Exactly reproduce the lines of the listing below from the one containing "En su intervención, Almeida" through the one containing "VSLSS bandana/scarf using". Skip the images.

=== Section Start ===

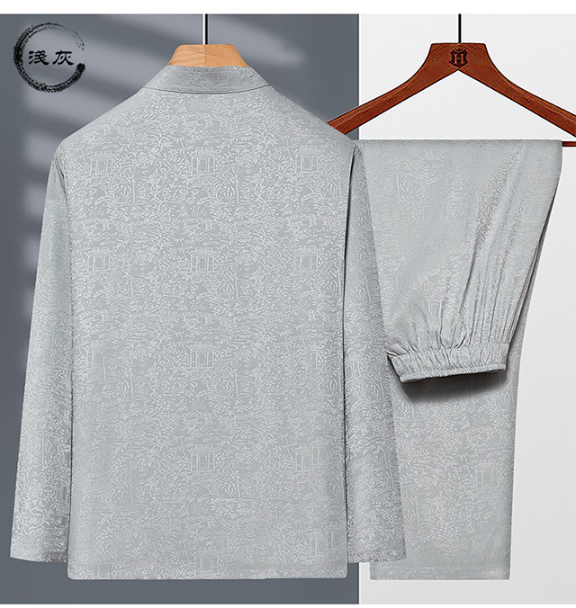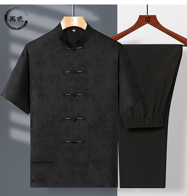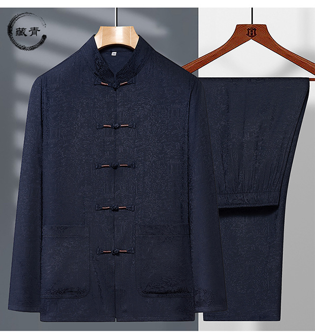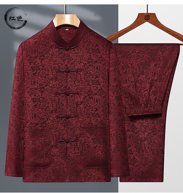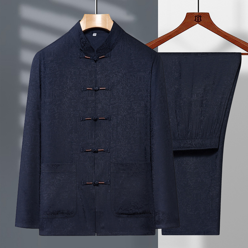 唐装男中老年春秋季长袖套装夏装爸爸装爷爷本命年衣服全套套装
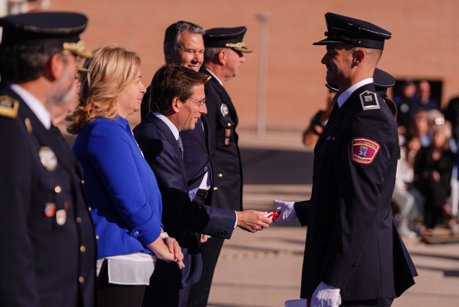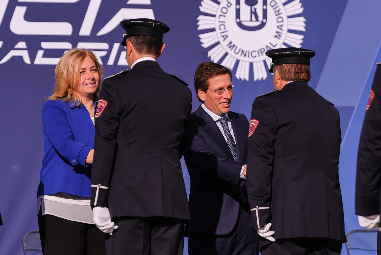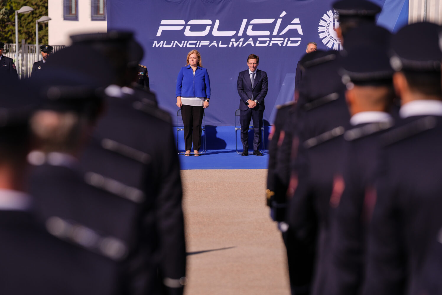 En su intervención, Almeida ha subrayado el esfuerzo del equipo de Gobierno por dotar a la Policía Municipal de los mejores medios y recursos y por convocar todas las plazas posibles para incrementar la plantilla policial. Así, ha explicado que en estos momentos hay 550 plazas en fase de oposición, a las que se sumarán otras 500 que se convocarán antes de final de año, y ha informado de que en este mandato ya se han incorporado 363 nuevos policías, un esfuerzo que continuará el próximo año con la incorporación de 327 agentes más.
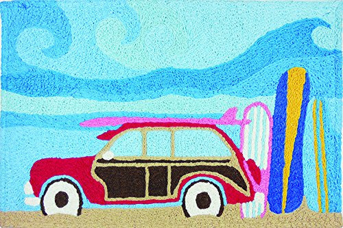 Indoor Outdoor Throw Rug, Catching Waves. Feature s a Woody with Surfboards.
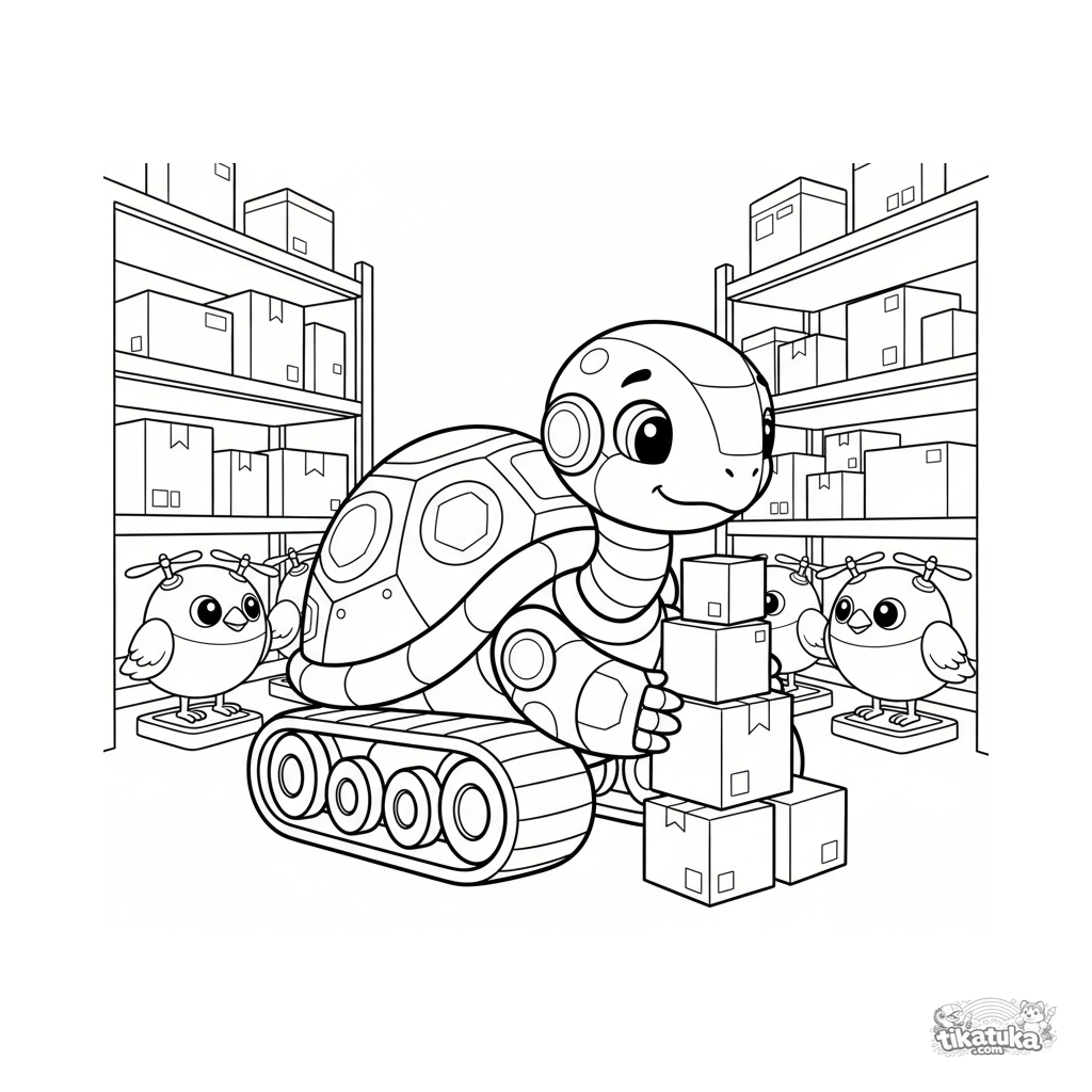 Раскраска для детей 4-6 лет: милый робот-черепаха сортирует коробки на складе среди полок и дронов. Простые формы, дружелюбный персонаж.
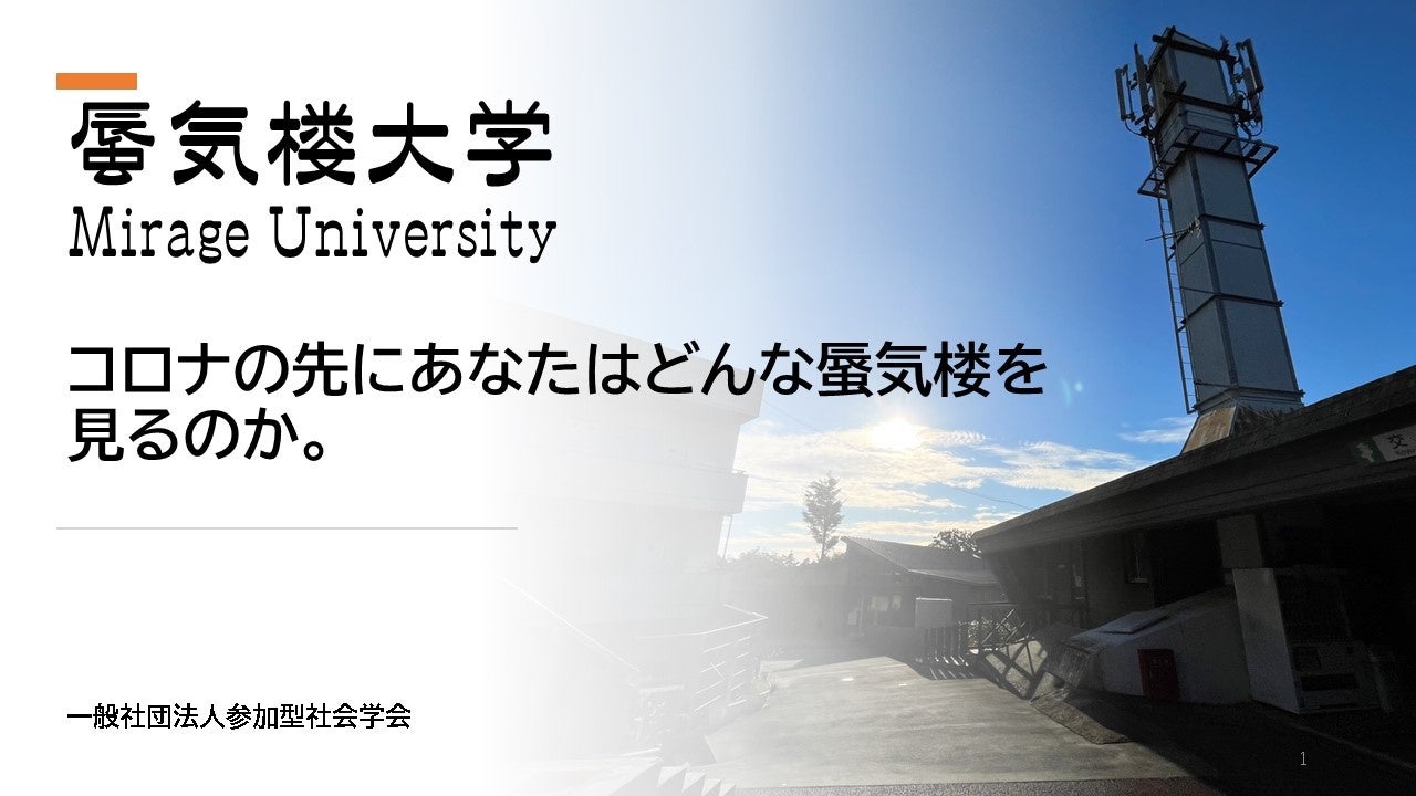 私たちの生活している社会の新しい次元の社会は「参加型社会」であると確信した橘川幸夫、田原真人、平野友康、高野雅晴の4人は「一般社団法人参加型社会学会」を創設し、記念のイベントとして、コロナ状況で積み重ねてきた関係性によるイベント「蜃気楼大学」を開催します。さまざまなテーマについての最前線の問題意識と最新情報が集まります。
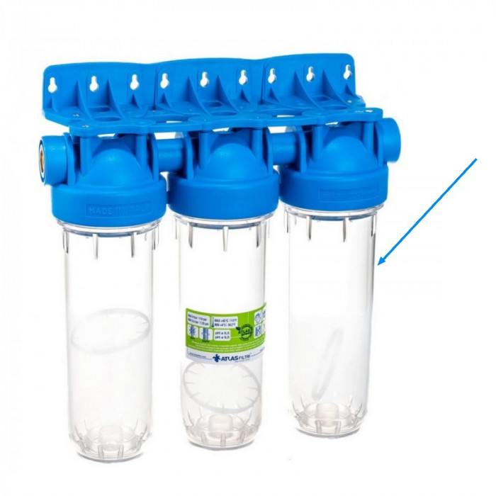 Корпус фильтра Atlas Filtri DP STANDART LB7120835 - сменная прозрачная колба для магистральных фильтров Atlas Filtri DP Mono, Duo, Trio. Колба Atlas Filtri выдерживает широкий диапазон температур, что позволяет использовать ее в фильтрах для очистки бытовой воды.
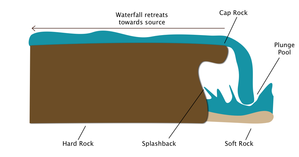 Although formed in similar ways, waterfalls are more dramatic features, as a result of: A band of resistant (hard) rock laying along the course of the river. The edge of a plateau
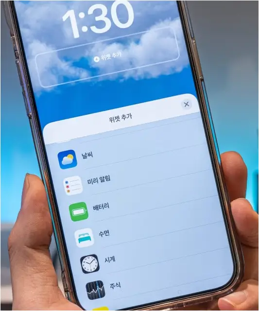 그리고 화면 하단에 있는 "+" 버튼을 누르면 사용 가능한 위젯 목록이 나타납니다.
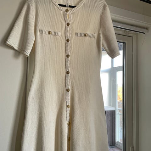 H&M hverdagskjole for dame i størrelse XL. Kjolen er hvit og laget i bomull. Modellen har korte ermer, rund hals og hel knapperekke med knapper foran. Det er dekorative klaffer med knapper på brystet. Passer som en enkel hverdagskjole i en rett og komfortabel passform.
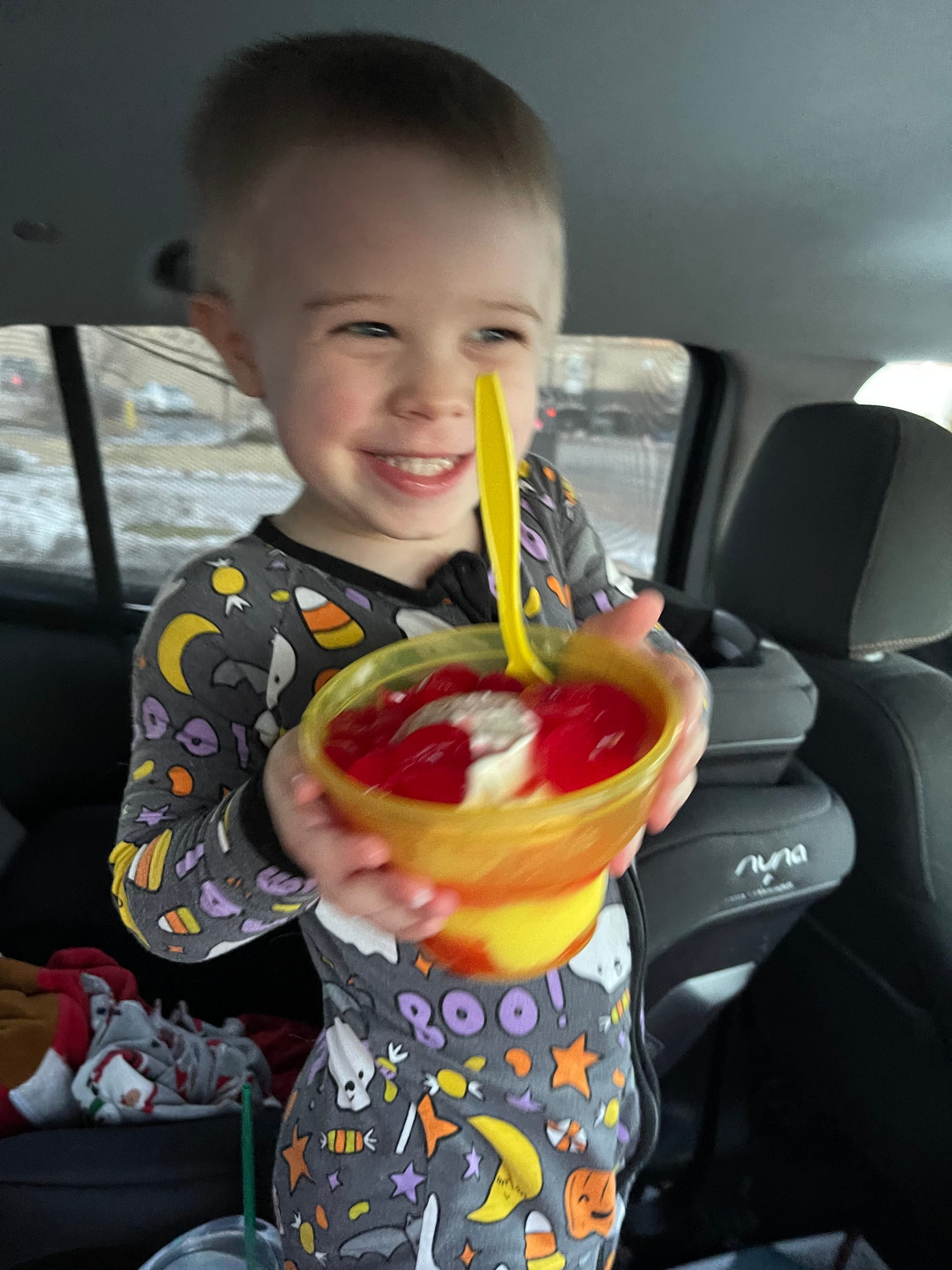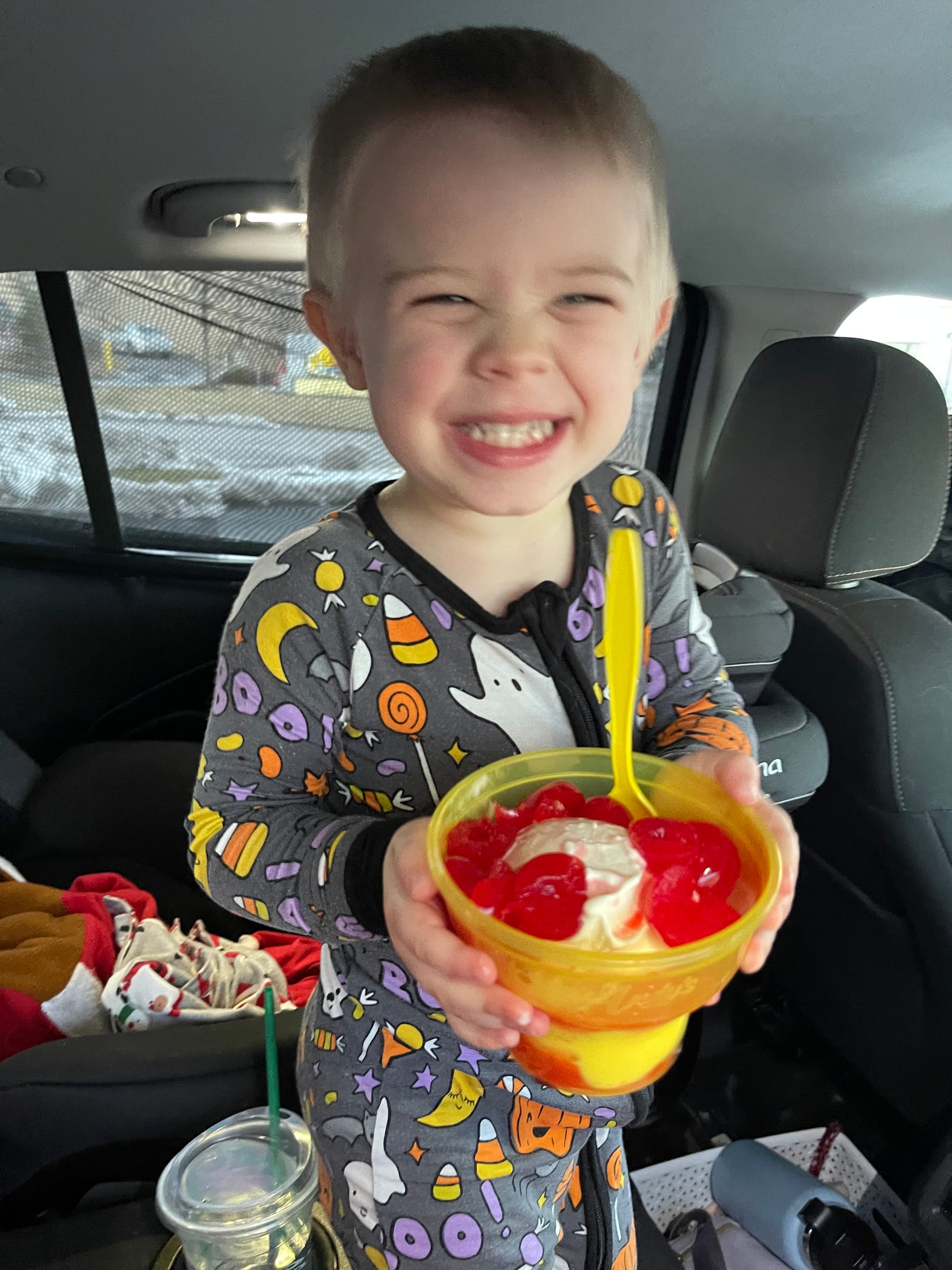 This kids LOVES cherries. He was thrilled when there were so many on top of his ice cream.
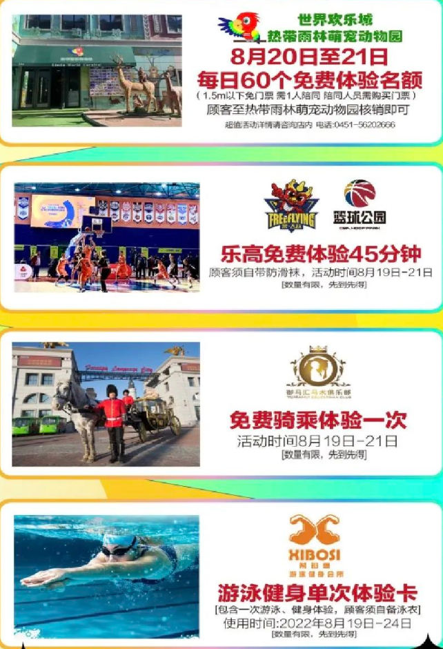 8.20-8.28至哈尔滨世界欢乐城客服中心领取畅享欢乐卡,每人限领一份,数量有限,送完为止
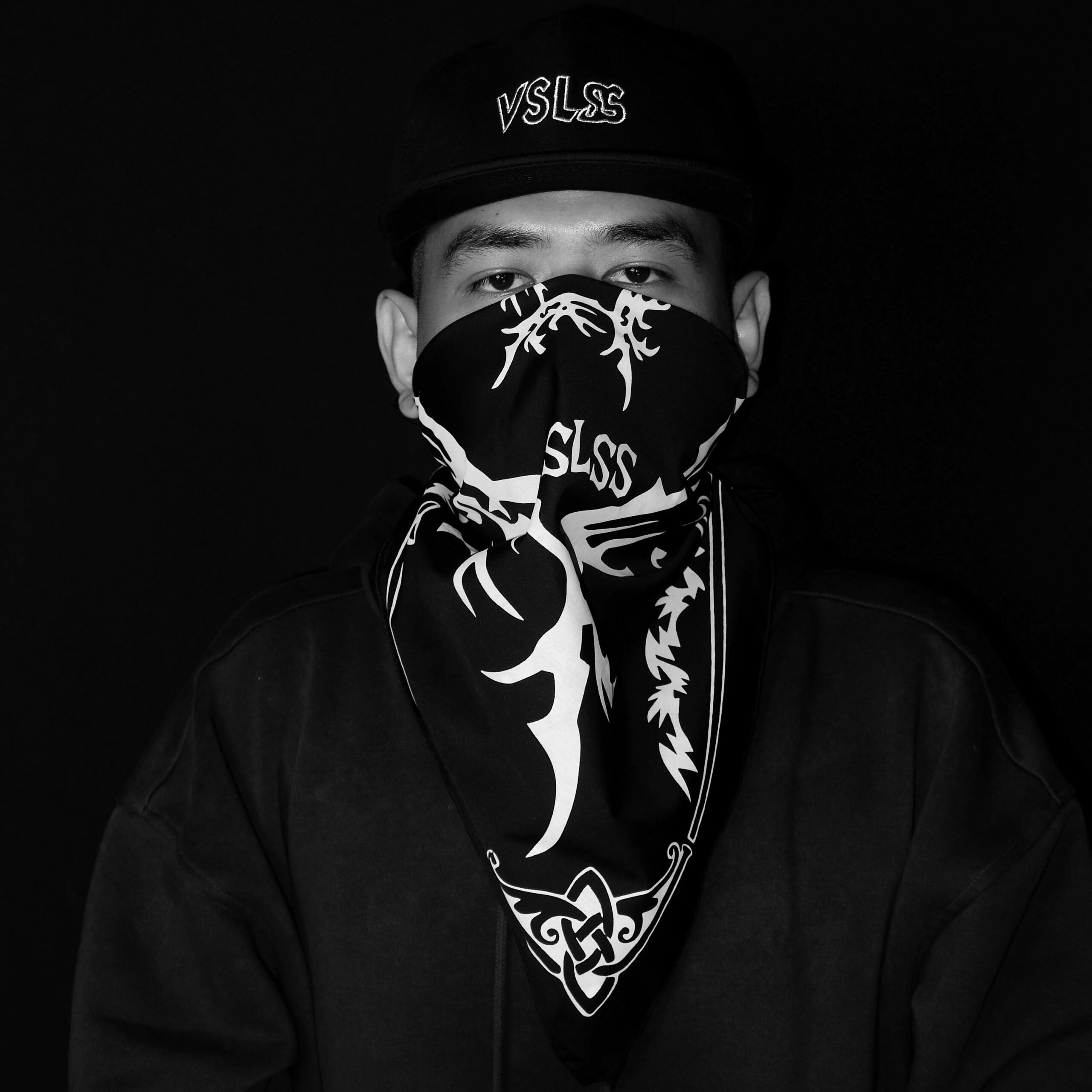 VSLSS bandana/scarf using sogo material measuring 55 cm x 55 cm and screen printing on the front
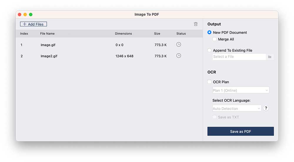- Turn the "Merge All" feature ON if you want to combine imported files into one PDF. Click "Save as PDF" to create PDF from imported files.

=== Section End ===

● Answer box
 En su intervención, Almeida ha subrayado el esfuerzo del equipo de Gobierno por dotar a la Policía Municipal de los mejores medios y recursos y por convocar todas las plazas posibles para incrementar la plantilla policial. Así, ha explicado que en estos momentos hay 550 plazas en fase de oposición, a las que se sumarán otras 500 que se convocarán antes de final de año, y ha informado de que en este mandato ya se han incorporado 363 nuevos policías, un esfuerzo que continuará el próximo año con la incorporación de 327 agentes más.
 Indoor Outdoor Throw Rug, Catching Waves. Feature s a Woody with Surfboards.
 Раскраска для детей 4-6 лет: милый робот-черепаха сортирует коробки на складе среди полок и дронов. Простые формы, дружелюбный персонаж.
 私たちの生活している社会の新しい次元の社会は「参加型社会」であると確信した橘川幸夫、田原真人、平野友康、高野雅晴の4人は「一般社団法人参加型社会学会」を創設し、記念のイベントとして、コロナ状況で積み重ねてきた関係性によるイベント「蜃気楼大学」を開催します。さまざまなテーマについての最前線の問題意識と最新情報が集まります。
 Корпус фильтра Atlas Filtri DP STANDART LB7120835 - сменная прозрачная колба для магистральных фильтров Atlas Filtri DP Mono, Duo, Trio. Колба Atlas Filtri выдерживает широкий диапазон температур, что позволяет использовать ее в фильтрах для очистки бытовой воды.
 Although formed in similar ways, waterfalls are more dramatic features, as a result of: A band of resistant (hard) rock laying along the course of the river. The edge of a plateau
 그리고 화면 하단에 있는 "+" 버튼을 누르면 사용 가능한 위젯 목록이 나타납니다.
 H&M hverdagskjole for dame i størrelse XL. Kjolen er hvit og laget i bomull. Modellen har korte ermer, rund hals og hel knapperekke med knapper foran. Det er dekorative klaffer med knapper på brystet. Passer som en enkel hverdagskjole i en rett og komfortabel passform.
 This kids LOVES cherries. He was thrilled when there were so many on top of his ice cream.
 8.20-8.28至哈尔滨世界欢乐城客服中心领取畅享欢乐卡,每人限领一份,数量有限,送完为止
 VSLSS bandana/scarf using sogo material measuring 55 cm x 55 cm and screen printing on the front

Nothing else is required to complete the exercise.